-- Opening Marker --

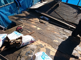 屋根全体の下地に傷みが出ているので、古いスレートを全て剥がして葺き替え工事をおこないましょう!
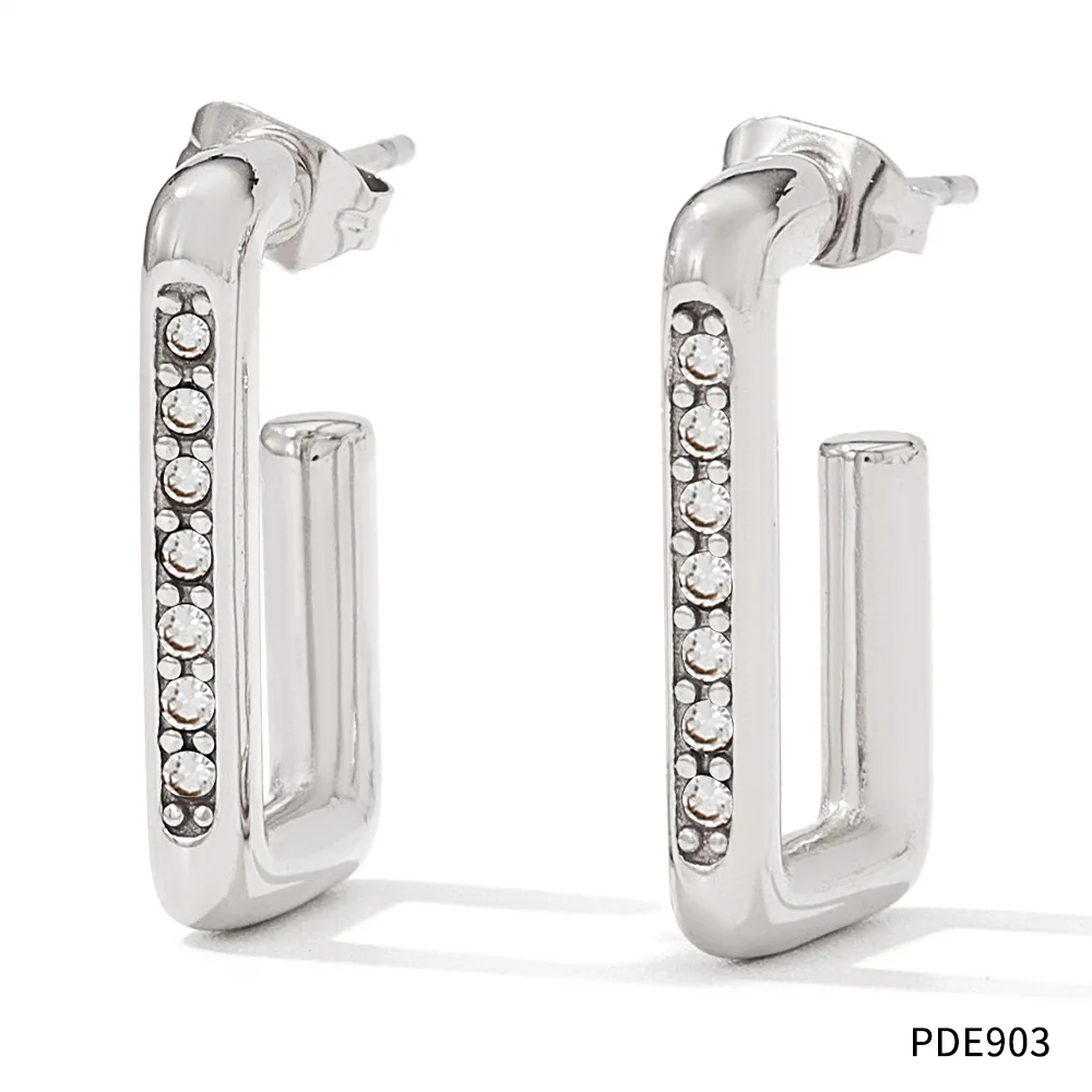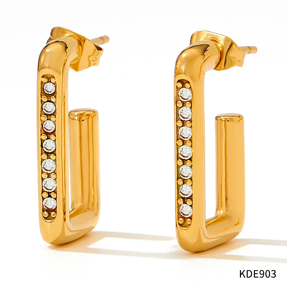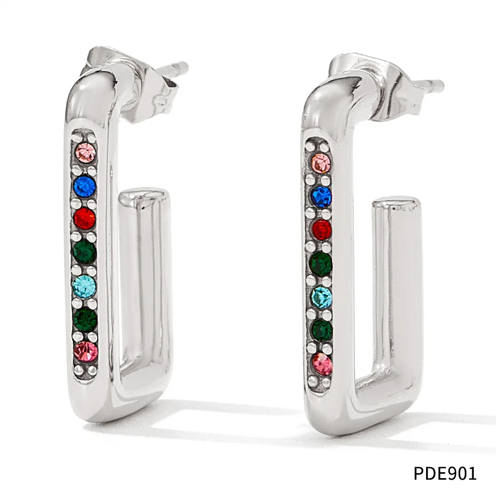 Wholesale Stainless Steel Gold Plated 18k Rectangle Fine Fashion Jewelry Dangle Zircon Earrings for Women
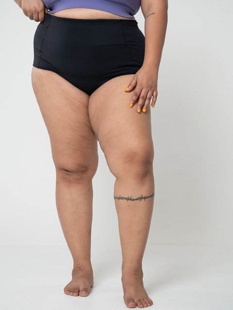 Black solid high-waist swim bottoms, has an elasticated waistband
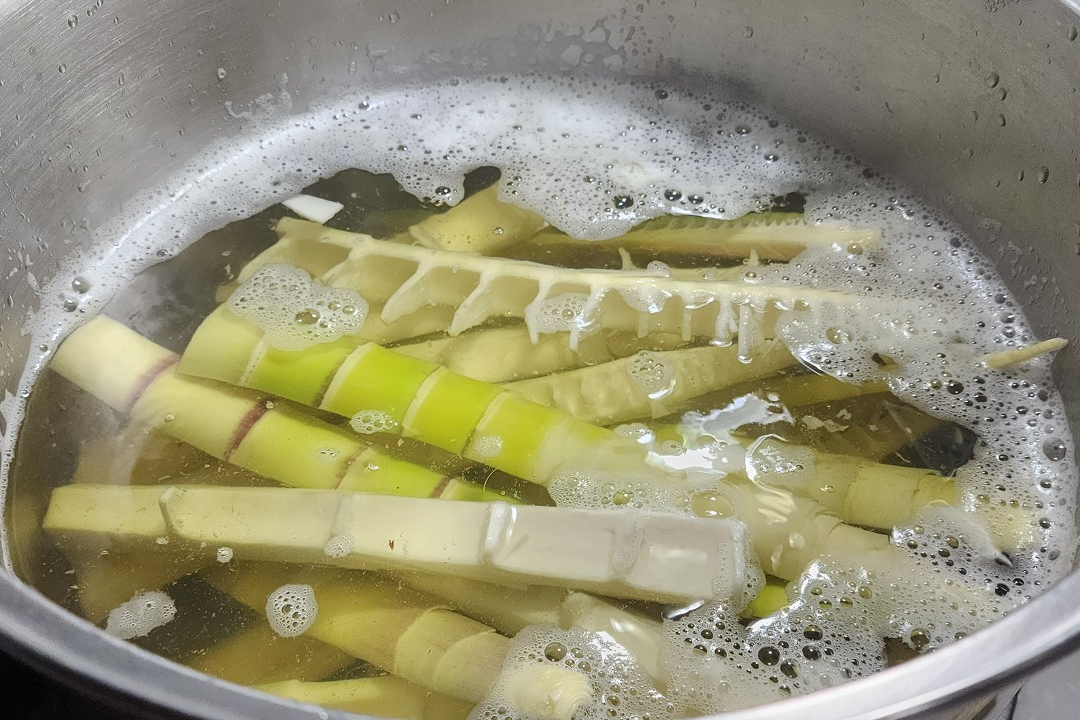 - 물에 쌀겨를 풀고 죽순을 넣습니다.

-- Closing Marker --

WHAT YOU NEED TO DO
Print the listing verbatim; no pictures.

RESULT BELOW
 屋根全体の下地に傷みが出ているので、古いスレートを全て剥がして葺き替え工事をおこないましょう!
 Wholesale Stainless Steel Gold Plated 18k Rectangle Fine Fashion Jewelry Dangle Zircon Earrings for Women
 Black solid high-waist swim bottoms, has an elasticated waistband
 - 물에 쌀겨를 풀고 죽순을 넣습니다.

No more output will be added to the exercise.